Difference between Binary Semaphore VS Counting Semaphore
Let’s see some common difference between binary and counting semaphore:
| Binary Semaphore | Counting Semaphore |
| Mutual exclusion | No mutual exclusion |
| Semaphore Value is only 0 and 1 | Semaphore Value is any integer value |
| The only process at the same time. | Can provide a set of Processes |
| Only one slot | More than one slot |
Advantages of Semaphores
Some of the advantages of semaphores are mentioned below:
- Semaphores strictly follow the principle of mutual exclusion and allow only one process into the critical section at the same time.
- Semaphores are machine-independent, so Semaphores are implemented in the machine-independent code of the microkernel.
- Semaphores allow flexible management of resources.
- Semaphores can be considered as more efficient than other methods of synchronization.
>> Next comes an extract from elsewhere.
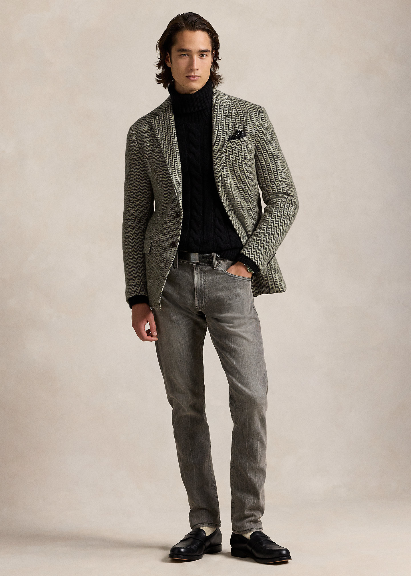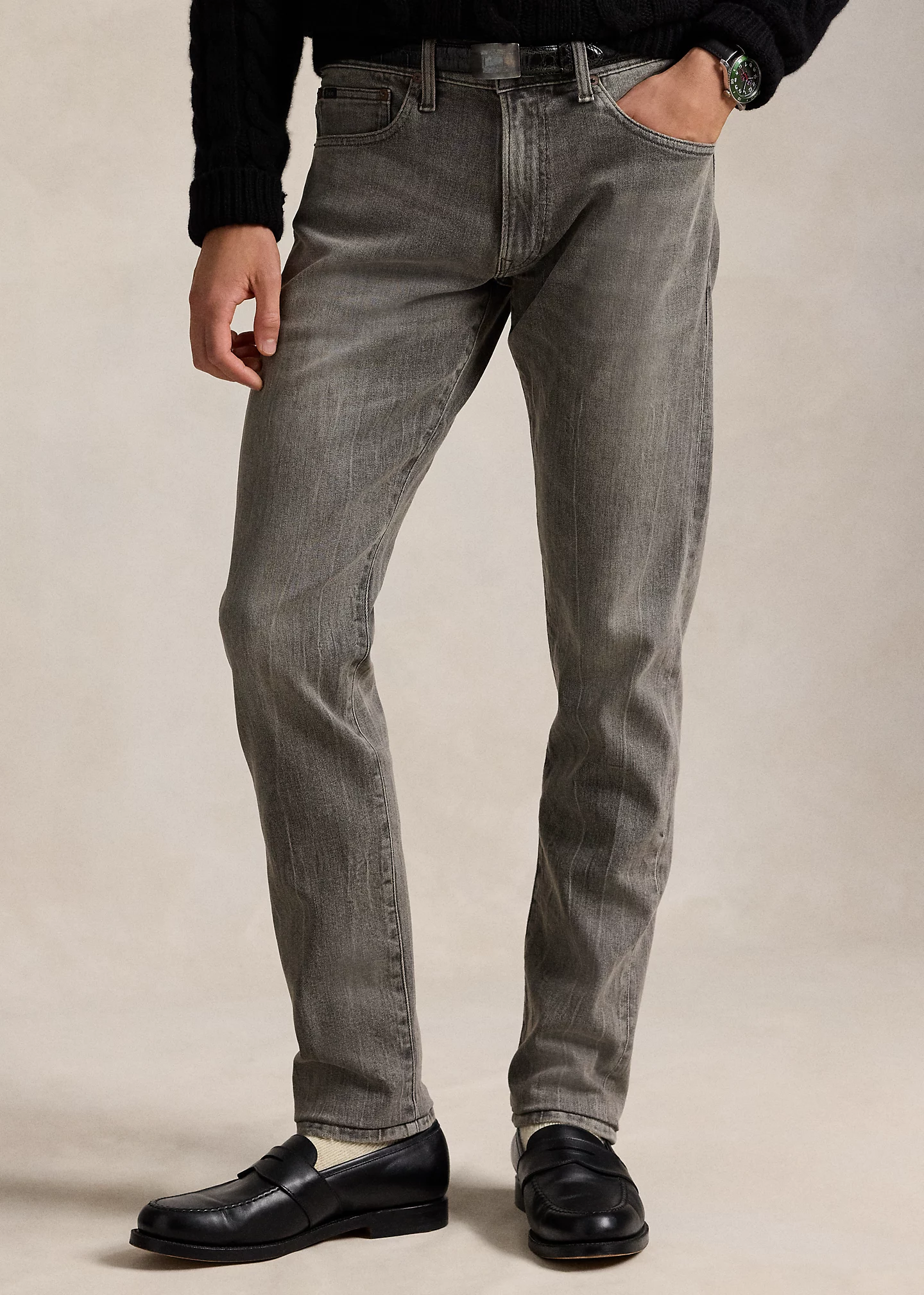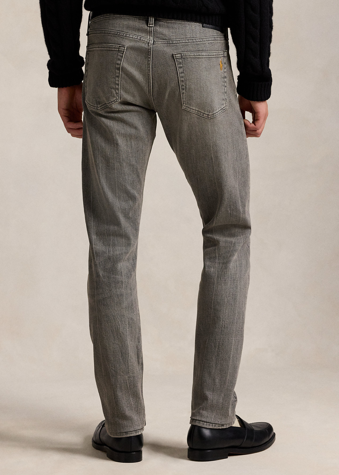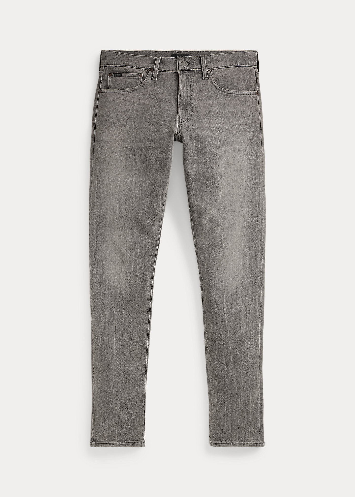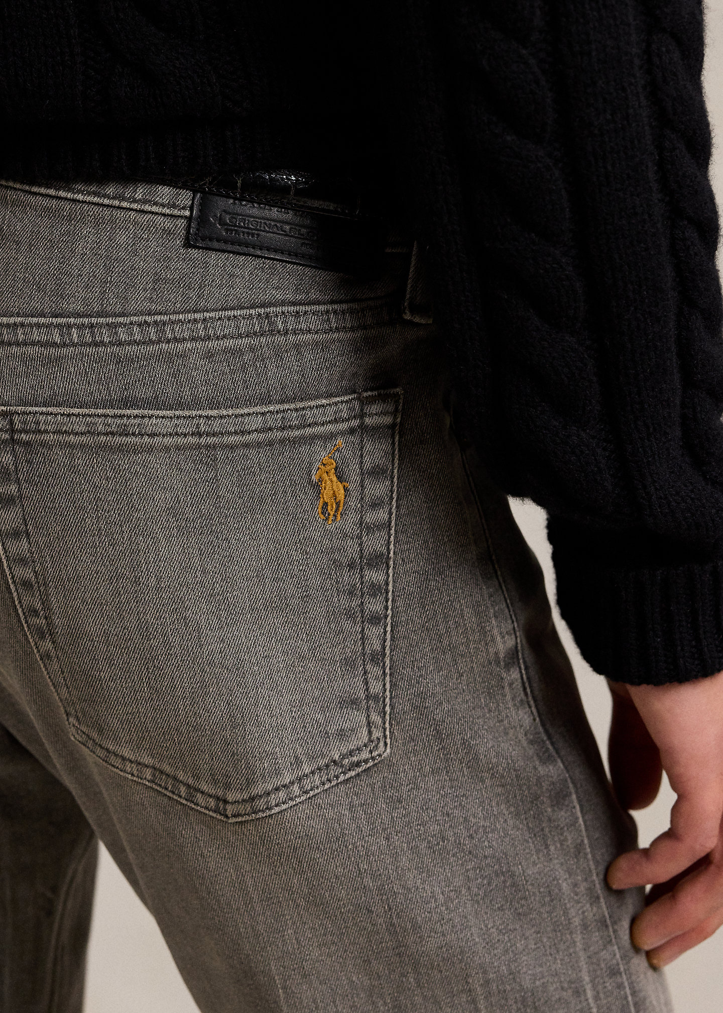- Five-pocket styling with signature metal rivets. Leather “Polo Ralph Lauren” patch at the back right waist.

Disadvantages of Semaphores
Some of the disadvantages of semaphores are mentioned below;
- Semaphores are very complex to implement, so the wait and signal operations must be implemented in the correct order. If the wait and signal operations are not implemented in the correct order, then it can be a cause of a deadlock.
- Semaphores can be lead to priority inversion. In priority inversion, low priority processes may win the critical section and access first, and high priority processes get the critical section after the low priority process.
- The operating system needs to do some extra work and maintains track of all calls to wait and signal operations in semaphore.